On est Charlie ou on ne l'est pas. C'est un peu le dilemme du moment en France, après les attentats qui ont frappé Paris . Car la nouvelle caricature du Prophète publié en une de Charlie Hebdo mercredi dernier a récemment embrasé une partie du monde musulman , ce qui a ouvert un débat sur la légitimité d'une telle reproduction. Chacun a son avis et, lundi dans les colonnes de La Provence , Pape Diouf, musulman de confession et ancien journaliste très attaché à la liberté de la presse, a exprimé le sien.

"Non, je ne suis pas Charlie dans le sens où on l'entend", clame d'entrée l'ex-président de l'OM (de 2005 à 2009). Avant de développer : "Pourquoi donc faut-il être Charlie ? Pour être comme tout le monde ? On peut ne pas accepter cette définition et être humaniste, refuser toutes les formes d'extrémisme et de barbarie. La liberté d'expression n'a pas la même signification pour tout le monde. Quand on sait où les caricatures peuvent mener, quand on sait les conséquences qu'elles peuvent avoir, on doit se montrer responsable plutôt que de privilégier le plaisir personnel."

"Quand on dit que la liberté d'expression fait partie de nos valeurs, je ne suis pas d'accord"

Des propos qui, forcément, risquent de heurter ceux qui ont récemment rappelé leur attachement à la liberté d'expression en France.

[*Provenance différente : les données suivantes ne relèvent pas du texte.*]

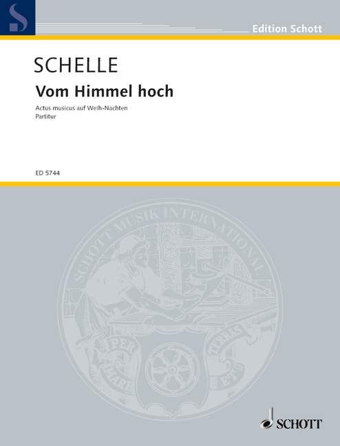 Partitur: gemischter Chor (SSATB) mit Soli (ST) und Orchester. Im Mittelpunkt dieser weihnachtlichen Komposition steht der Choral 'Vom Himmel hoch', dessen Verse in der Reihenfolge vertauscht sind und so dem Ablauf der Weihnachtsgeschichte nach dem Evangelisten Lukas (2, Vers 1-20) angepasst wurden. An zwei Stellen wird je ein Choral in der Art des Quodlibets eingefügt. Choral und Weihnachtsgeschichte verteilen sich über drei Teile, die jeweils durch eine Sonate eingeleitet werden.

Que pense donc Diouf du fait que Charlie Hebdo soit interdit au Sénégal, son pays natal ? "Je comprends cette décision, même si je peux ne pas l'approuver, répond-il. Quand on dit que la liberté d'expression fait partie de nos valeurs, je ne suis pas d'accord. Ce n'est pas une valeur, c'est une pratique. Une valeur ici n'est pas une valeur en Orient ou en Afrique. C'est comme exciser une femme. Il s'agit d'une pratique traditionnelle mais qui est manifestement négative. Une valeur est universelle, humaniste et positive. Elle doit être vraie partout." Le débat ne fait que commencer.